Because of the silence, I could hear the descent of the usual flock of pigeons a few seconds before one hit me square in the head. It clawed and pecked at me, leaving deep scratches and causing me to swear loudly. When I tried to grab it, the dumb animal pecked me on the hand, drawing blood. I knew it could only be Slapper. It was. I grasped him as well as I could in one hand and reached up to check the damage on my head. Blood trickled through my fingers and I swore again.

I looked up from my furious battle with the pigeon with blood dripping down the side of my head and off my fingers. Rosto met my gaze, and suddenly those beautiful charcoal eyes were full of concern.

"Are you alright?" he asked

"I'm fine. Nothing I'm not used to with these idiot birds," I replied, exasperated.

Suddenly I heard a ghostly voice coming from Slapper. It was muttering about ships and cloaks and poison. Slapper was carrying the soul of a murdered man. I muttered to myself, "I'm fine, but some other unlucky cove isn't."

Rosto's next words of "What do you mean? Is he carrying a ghost?" were much too close, making me jump and lose my grip on Slapper's wings. I looked up and he was sitting so close to me that we were both unlucky enough to be smacked by the dumb pigeon's wings. After a brief moment of cursing and recovering, I told him what the ghost had said, all the while trying to ignore how warm his proximity was making me feel. He leaned backwards, looking thoughtful. "Well," he said, musing, "he said ships, so the killers are probably long gone, but I can look into it. Make sure it's nothing like those diggers."

"Why do you care so much?" I asked, suddenly angry. "What is it to you if some cove disappears off the street?"

He looked solemnly at me, his eyes becoming so serious that I almost regretted the outburst. "I care because you care, Beka. I know you have a lot on your plate with the Dog work, and I want to help you in any way I can. I don't want you killing yourself from overwork. I care about you, Beka."

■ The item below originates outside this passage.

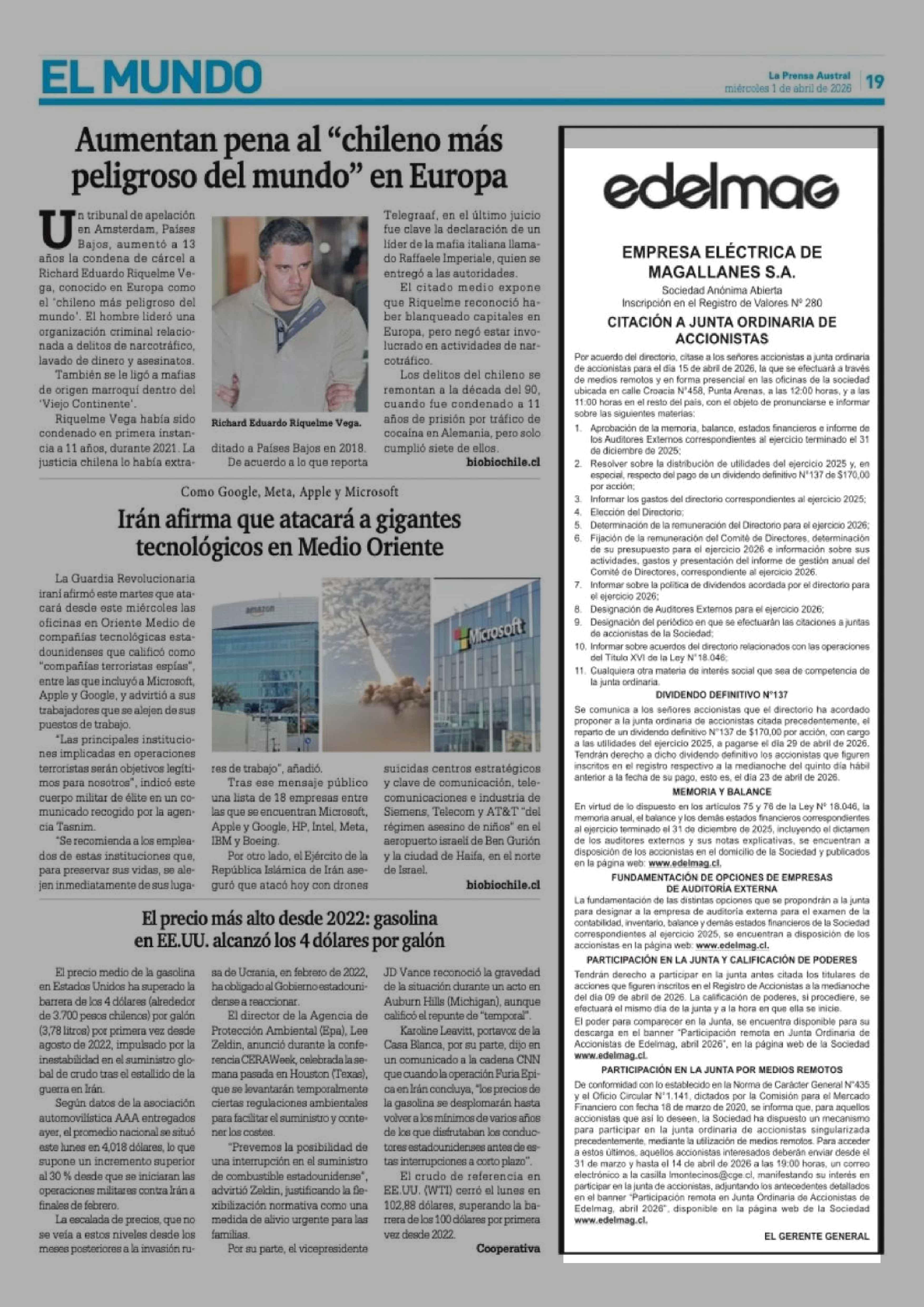 Fecha: 01-04-2026 Sector: Noticia general Región: Región de Magallanes y de la Antártica Chilena

Something about the way he said this made me look up into his face, all my anger gone. He was close enough that I could see flecks of warm brown in his otherwise black eyes. He was looking at me with an expression I had never seen before on his face. It wasn't the way mama's men used to look at her. It was more like the way Herun looked at Tansy. There was a tenderness there that scared me. Rosto continued, "I know you don't return the sentiment, but…"

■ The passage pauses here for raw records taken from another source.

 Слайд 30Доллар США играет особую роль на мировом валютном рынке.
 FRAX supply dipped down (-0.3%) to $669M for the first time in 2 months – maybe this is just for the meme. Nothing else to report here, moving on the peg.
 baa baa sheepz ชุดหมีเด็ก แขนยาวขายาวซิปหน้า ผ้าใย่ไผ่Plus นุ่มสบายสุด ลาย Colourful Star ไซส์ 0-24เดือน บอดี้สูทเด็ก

At those words, something in my mind clicked. Or maybe it was just the hit-Rosto reflex turning off. Whatever it was, I covered his big, scarred hand that had been resting on my knee with my own small, scarred hand. He looked at me in surprise. I think he was unsure what my intentions were. I was unsure what my intentions were! I met his eyes shyly, half of me fearing what I would see there and the other half hoping for that same soft look he had given me before. Before I could stop myself, I was leaning towards him. Our lips met, but unlike last time, it didn't even occur to me to punch him. I felt his arms circle around me and relished in the feeling of his big, strong hands stroking my back. It made me feel wonderfully safe. A small part of me told me that this whole thing was a bad idea. I ignored it and deepened the kiss. His soft, warm mouth welcomed the gesture, and returned it.

When we finally broke our kiss, I heard a gasp and sigh coming from a window upstairs. I looked up in time to see Kora's dark head disappearing from the opening. I swore softly and looked back to see Rosto grinning at me. I tried to scowl, but the sad attempt made me fall into giggles.

"What do we do now?" I asked quietly.

"We take each day as it comes. We should take this slow. I don't want to scare you away, Beka," he replied, looking down at me. I just smiled and leaned my head against his shoulder. I am going to have a very interesting year.